The timing is off for sure. I don't see how it couldn't be. The second mechanic advanced the timing to adjust for what he thought was an incorrect throttle body. I did notice before that the throttle is not hitting the little switch that is supposed to enrich the mixture for full throttle even when the pedal is floored. I'll deal with that ASAP.

I tried driving the bus without the O2 sensor (although I did not tape the connector), and there was no difference while driving, but the idle was different and a little rough when it was disconnected.

So, I bought a timing light (very basic) at Wal-Mart yesterday and tried to adjust the timing. I failed. I know where TDC is on the pulley by pointing the distributor to cylinder #1 and then aligning the set of three lines in the pulley with a point at exactly 90 degrees clockwise.

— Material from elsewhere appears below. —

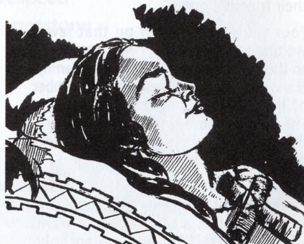
"It was impossible to cover her face as they took so much pleasure in seeing her."

Sometime after three quarters of an hour after three o'clock, "Then her face had suddenly changed, which appeared such smiling and devout that everyone was extremely astonished - her face that had changed gradually in less than a quarter of an hour. Because of smallpox that her face was ruined from the age of four, which her infirmities and mortification had contributed to ruin her even more. The face of Kateri was such marked and having a darken complexion, which her face had suddenly changed about a quarter of an hour after her death and became in a moment such beautiful, smiling and white. Her face assumed an appearance of a rosy colour, which she never had and her features were not the same. Her face appeared more beautiful then when she had been living. I will admit openly of the first thought that came to me, which Kateri might have entered into Heaven at that moment. Then reflected back in her chaste body a small ray of the glory that she had gone to possess. This blessed soul had left her virgin body to go with her beloved Spouse. And was to celebrate in Heaven with Him the triumphs of the Cross, which she had much loved and attached her heart, affections, chaste and virgin body through this life of mortification. Kateri Tekakwitha had died as she lived, that is to say, as a Saint. Because it was to be expected that such a Holy a Life, which would be followed with a most Holy Death. "

I have a degree indicator mounted, but it begins at 0 degrees and runs counter-clockwise to just before 270 degrees. I don't see a mark in this area on the pulley to use with a timing light. I can't just mark any spot because I know that it is not set correctly. I've never done this before and I felt really confused by it. I looked in my books and they explained the process briefly but not well enough for me to fully understand. Can anyone help me with this? Also, are there other things that I NEED to do this like a tach or dwell meter?

Thanks,

Hans

Tram Tue May 20, 2003 9:57 pm

Hans: If you look at the timing mark like it's the big hand on a clock face, when the light flashes it sould be around 10: 30 or 11: 00. Sounds like you have a strange scale on your engine. I'd get an OE one from the dealer or a junkyard. If you have a white scale with black numbers there should be a red dot which is where you align the notch on the crankshaft pulley, (vacuum hoses to the distributor disconnected and plugged.) If you have a black plastic scale, there should be a dot stamped into it. Move the distributor clockwise to retard, and anti clockwise to advance. Then you time it to the dot just like the red dot on the white scale. Idle speed should be 750- 900 RPM. Don't forget to fix the throttle.

koho60 Wed May 21, 2003 2:39 pm

Hans:

I got a engine analyzer that has a tach and a dwell.

JEFFRO

hans@bendcable.com Wed May 21, 2003 2:41 pm

I bought a tach/dwell meter. There were a lot of other fancy gadgets that were very tempting too. It will be nice once I have an arsenal of diagnostic tools at my disposal.

Hans

koho60 Wed May 21, 2003 2:43 pm

Hans:

Also I can get my points right on without the dwell when there new. But if there old I use the dwell. Just a thought!

JEFFRO

hans@bendcable.com Wed May 21, 2003 5:20 pm

Okay...I checked dwell first and I'm at about 1/2 of the degrees than spec. Spec. is 44-50 and I'm at about 22 degrees.

I'm going to look for some info on what I need to do to fix the dwell before moving on to the timing. BTW I did find the timing mark. Thanks for the help with that.